Here Sentence_1 will be the Question column and Sentence_2 will be Answer column.

8.2 - Then drop those rows where either Sentence_1 or Sentence_2 is NaN

8.3 - Find if a sentence contains “.” or “?”

Find if a sentence contains “.” or “?” . Then we will limit the sentence_1 and Sentence_2 until the first occurence of “.” or “?”. We have to do this because many Questions and Answers are huge and this shall increase the length of Encoder-Decoder inputs. Here’s the code snippet.

8.4 - Perform text-preprocessing

Perform text-preprocessing like replace multiple spaces with single space, substitute “won’t” with “will not”, “can’t” with “cannot” etc.
Later, we will add space to “.” and “?” and while using the tokenizer api, we will exclude these two from the filter. Therefore both “.” and “?” will also be treated as tokens.

8.5 - Next we will check what is the size of Question and answers.

To check this we will do a Scatter plot with X -axis as the Index of the Question and Y-axis as the Question Length. We will do same for analyzing Answer length.

Analyze the Length of Questions
Analyze the Length of Answers

From the above 2 plots, we see that the Majority of the Questions and Answers have a length less than 1000. So in the next step, we will limit their length to 1000. There are some handful of Questions and Answers that have a length 10000 and 3000, and it’s better to remove them as the padding length would increase dramatically.
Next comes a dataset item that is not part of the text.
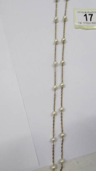 An opera length gold necklace with pearls.

8.6 - Insert start of Sentence <Prarambh> and End of sentence <Samaapt> to the answer.

This will help the model to understand the start and end of a sentence. Initialize the Tokenizer with filters. Writing filters will inform the tokenizer to filter out unnecessary symbols that we do not want the model to train on. But we will exclude “.” and “?” as we want the model to train on these two symbols. Additionally, keep the Vocabulary size as a Global variable. The Vacabulary Size that we get is 13521 words.
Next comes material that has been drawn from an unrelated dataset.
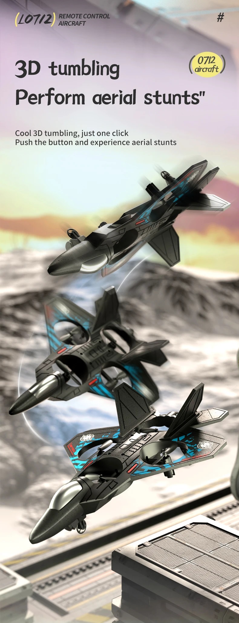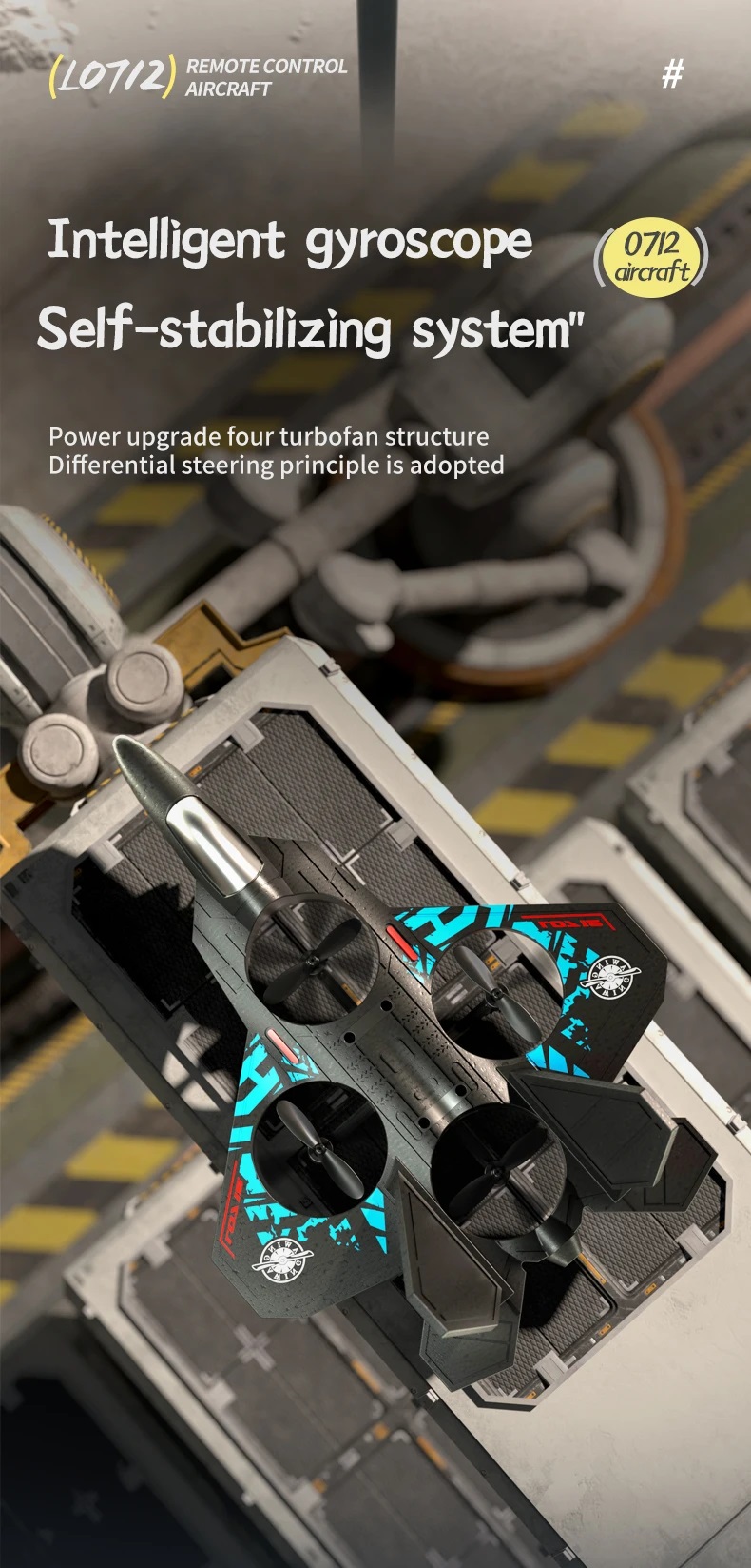کوادکوپترها؛ پهپادهایی با چهار ملخ هستند که معمولاً مجهز به دوربین برای فیلمبرداری و عکاسی هوایی هستند. هواپیمای کنترلی (کوادکوپتر) مدل L0712 یک اسباب بازی مهیج است که با ظاهر یک هواپیمای جنگنده ارائه شده و فاقد دوربین بوده و با حالت چرخش ۳۶۰ درجه، اجرای حرکات نمایشی ؛ قابلیت حفظ ارتفاع ؛ هواپیمای کنترل از راه دور ۲.۴ گیگاهرتزی؛ حرکت معلق با قابلیت شناوری خودکار و چرخش سه بعدی و… مناسب برای مبتدیان، کودکان و بزرگسالان می باشد.

8.7 - Let’s do some analysis on the frequencies of each word-

To do this we make use of “tokenizer.word_docs”. This will give a dictionary showing the frequency of each word e.g — “This”:21 , “book”:209, “we”:21 .
Now write a program to swap the key value pairs, so that all the words having the same frequency get aggregated.

The new dictionary that we get after swapping, will look like:

{1:[“publish”, “conclusion”, “abiding”……] , 2: [“wishful”, “thought”,….. ], …….}

In this dictionary, the words that have frequency =1 are all present in the list that is mapped to the key — 1. On calculating the length of the list, I found that there are 4458 words with a frequency of 1. We have a choice to mark these words as OOV (Out of Vocabulary) words. The tokenizer will assign a specific token to OOV words and this would help to build a more robust model to deal with unknown words during Test phase.
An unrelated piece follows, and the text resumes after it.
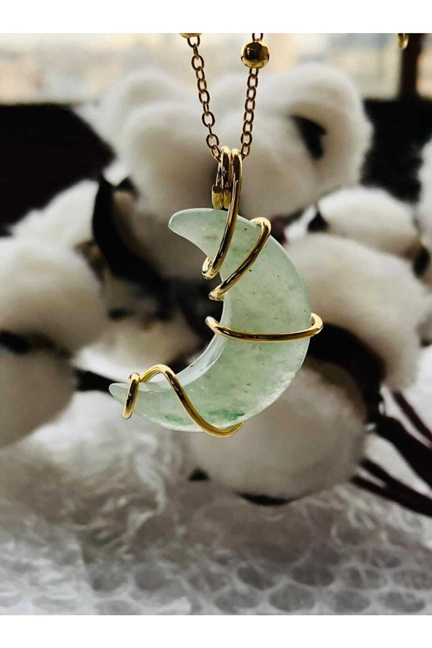 AVENTURİN AY ŞEKLİNDE ALTIN KAPLAMA KOLYE UCU AAA KALİTE TAŞIN EN KALİTELİ KISMI OLUP ÜRÜN ÖZEL KUTUSUNDA SERTİFİKA VE ZİNCİRİYLE GELMEKTEDİR.(SERTİFİKALI)(47CM ZİNCİR DAHİL)

8.8 - Let’s define encoder_input_data , decoder_input_data , decoder_output_data for the Train model.

8.8.1 -Creation of encoder_input_data

Convert the Question to sequence using Tokenizer and do Post padding on the sequence uptil the max length of the question.

The printed shapes are →(11796, 154) 154

The model is trained on a given source and target sequence where the model takes both the source and a shifted version of the target sequence as input and predicts the whole target sequence. For example, one source sequence may be [1,2,3] and the target sequence [4,5,6].
Then, The inputs and outputs to the model during training would be:

Input1: [‘1’, ‘2’, ‘3’] — This resembles Question to the model

Input2: [‘prarambh’, ‘4’, ‘5’] — This resembles the decoder_input_data

Output: [‘4’, ‘5’, ‘6’, ‘samaapt’] — This resembles decoder_output_data

8.8.2 -Create decoder_input_data

The printed shapes are: (11796, 164) 164

8.8.3 -Create decoder_output_data

The printed shapes are: (11796, 164) 164

9. Encoder Decoder based Sequence to Sequence model

Now lets define 3 models. Train model, Inference Encoder model, Inference Decoder Model

9.1 Train Model:

→ 9.1.1 -First let’s define the architecture of Train Encoder.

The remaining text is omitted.